4. L’esecuzione della pena dell’ergastolo

4.1 L’esecuzione dell’ergastolo ostativo

Anche nei confronti dei condannati all’ergastolo per uno dei reati c.d ostativi elencati nell’articolo 4bis dell’Ordinamento Penitenziario operano i principi per cui il trattamento rieducativo deve tendere al reinserimento sociale dei detenuti ed è attuato avvalendosi principalmente di istruzione, lavoro, religione, attività culturali ricreative e sportive e agevolando opportuni contatti con il mondo esterno e con la famiglia. Tuttavia il regime penitenziario di questi soggetti è differenziato rispetto a quello degli altri detenuti, a meno che collaborino con la giustizia.

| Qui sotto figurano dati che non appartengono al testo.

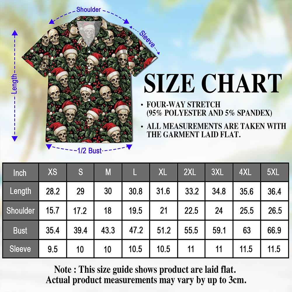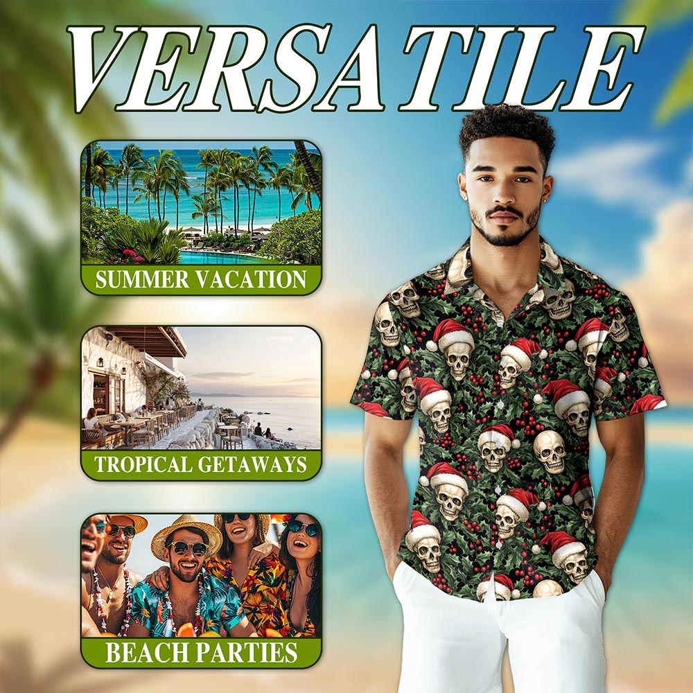 Netecom Skull Santa Hat Christmas Hawaiian Shirt for Men, Gothic Holiday Button Down Summer Beach Short Sleeve Shirts, S-5XL
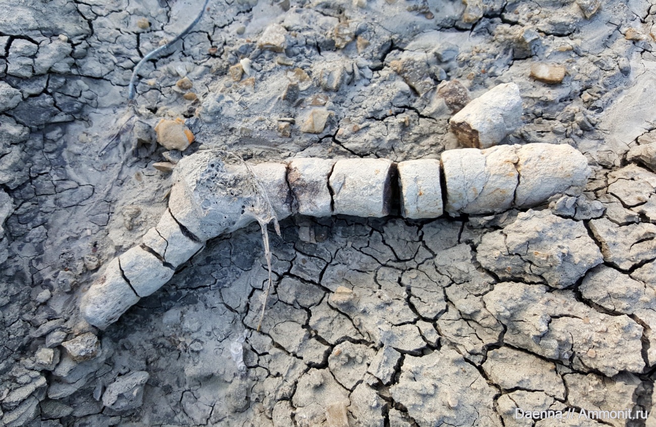 Полевое фото из последнего рейда 05.09.2020. На поверхности аргиллитового карьера (о котором я рассказывала здесь) часто попадаются фрагменты таких каменных "колбасок".

A cominciare dal lavoro: si tratta sempre di lavoro obbligatorio, remunerato e non avente carattere afflittivo, tuttavia i condannati all’ergastolo ostativo non possono, per espressa previsione normativa, accedere al lavoro all’esterno. Questo significa che anche dopo dieci anni di detenzione è preclusa loro qualunque possibilità di uscire dalle mura del carcere per svolgere attività lavorativa.250

Anche per quanto riguarda i rapporti con la famiglia gli ergastolani ostativi subiscono un trattamento più severo rispetto agli altri condannati: hanno diritto esclusivamente a quattro colloqui al mese, invece che sei, le loro telefonate sono registrate e non possono essere più di due al mese, anziché una alla settimana.251

Date queste ulteriori limitazioni è evidente l’importanza che assumono per il condannato le attività culturali, ricreative e sportive offerte dall’istituto, che rappresentano l’unica possibilità per spezzare la monotonia della detenzione.252

250 L. EUSEBI, Ergastolano non collaborante, cit., p. 1221.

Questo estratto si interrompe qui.